Jones is the creator and author of Sunday Morning Apartheid: A Diversity Study of the Sunday Morning Talk Shows.

== Early life and education ==
Stephanie Jones grew up in Youngstown, Ohio and later moved to Ridgewood, a village in New Jersey. She is the daughter of Nathaniel R. Jones, retired Sixth Circuit Court of Appeals judge and former general counsel of the National Association for the Advancement of Colored People (NAACP). She is the granddaughter of author Lorenz Graham and great-niece of Shirley Graham and W. E. B. DuBois.

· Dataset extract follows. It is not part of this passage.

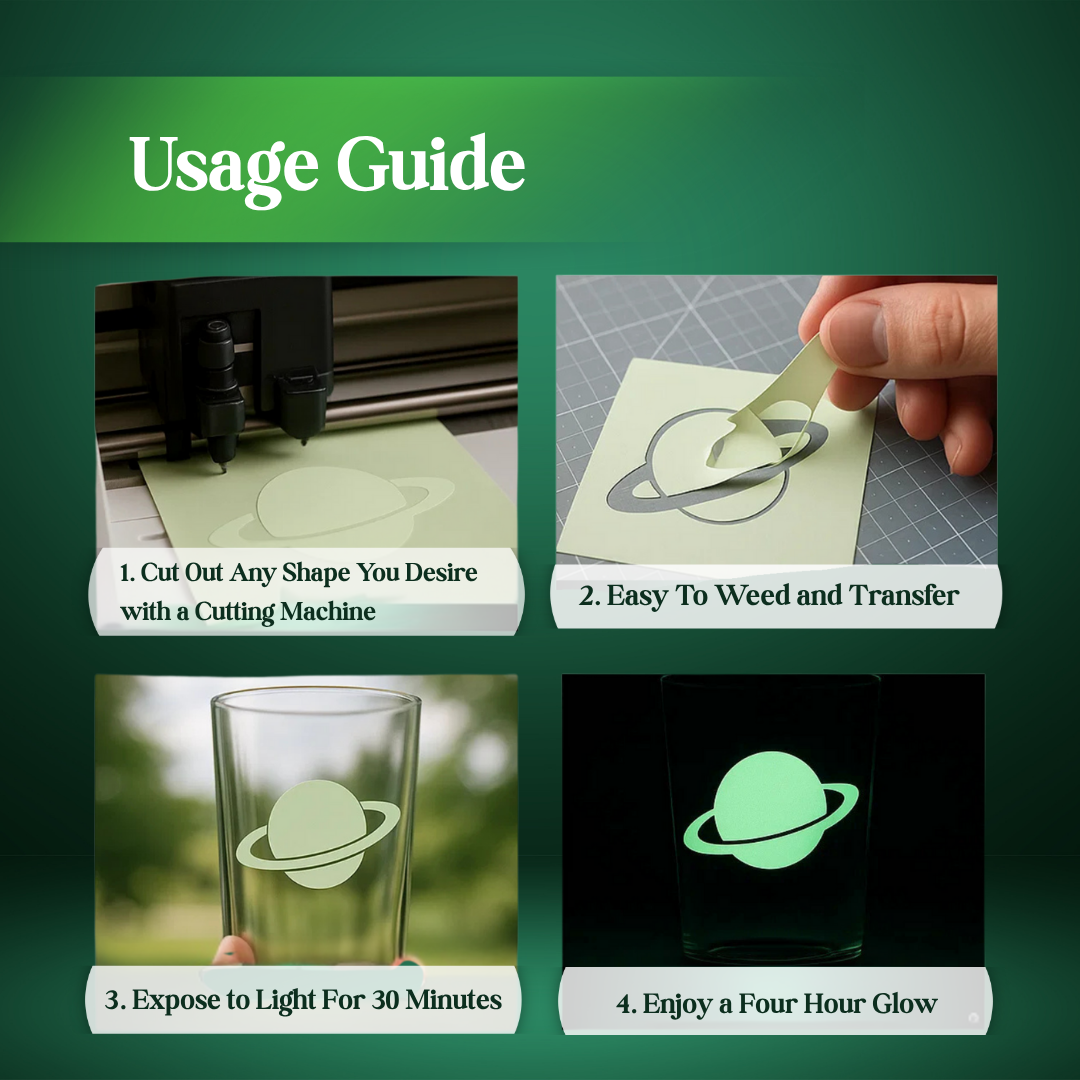 ONNCE Glow in The Dark Permanent Vinyl adds a luminous touch to any project, glowing for up to 4 hours after just 30 minutes of sunlight exposure. This durable, strong-adhesive vinyl sticks to walls, windows, cups, cars, and more, making it perfect for Halloween decorations, DIY crafts, and personalized gifts. Compatible with Cricut and other cutting machines, it’s easy to cut, weed, and apply for both indoor and outdoor use.
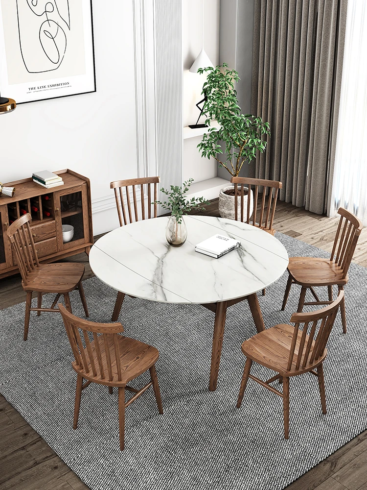 北欧スタイルの無垢材ロック板伸縮式丸テーブル - ホワイトアッシュ製のシンプルでモダンなデザイン、小スペースに最適な折りたたみ式ダイニングテーブル。

Jones earned a bachelor's degree in English Literature and Afro-American studies from Smith College in Northampton, Massachusetts. She earned her Juris Doctor degree from the University of Cincinnati College of Law, where she was a fellow in the Urban Morgan Institute for Human Rights. She also attended Tuskegee Institute (now Tuskegee University).

== Career ==
Jones is the president and board member of the Nathaniel R. Jones Foundation, a non-profit devoted to advancing the civil rights legacy of her father, Nathaniel R. Jones. She was the first chief opportunities officer in the federal government, appointed by Transportation Secretary Anthony Foxx. She also served as deputy chief of staff and senior counsellor to the secretary at the U.S. Department of Transportation. Jones was the executive director of the National Urban League Policy Institute and editor-in-chief of The State of Black America.

Jones is the creator and author of Sunday Morning Apartheid: A Diversity Study of the Sunday Morning Talk Shows. Following the release of the study, cable and network executives substantially increased the diversity of their talk show host and guest line-ups.

She was previously chief counsel to Senator John Edwards from 2002 to 2005 and chief of staff to Representative Stephanie Tubbs Jones from 2000 to 2002. She served in the Clinton Administration as Secretary's Regional Representative in the U.S. Department of Education (Region V). She was a consultant to the January 6 Select Committee.

Before entering government service, Jones was an associate professor of Law at Northern Kentucky University's Salmon P. Chase College of Law, where she taught civil rights law, civil and criminal procedure, entertainment law, and trial advocacy. Jones has also served on the adjunct faculty of Northwestern University School of Law. She previously practiced law with the firm Graydon, Head & Ritchey in Cincinnati. Prior to her legal career, Jones was a staff reporter at the Cincinnati Post. During the early 1980s, she was personal assistant to Lionel Richie and The Commodores.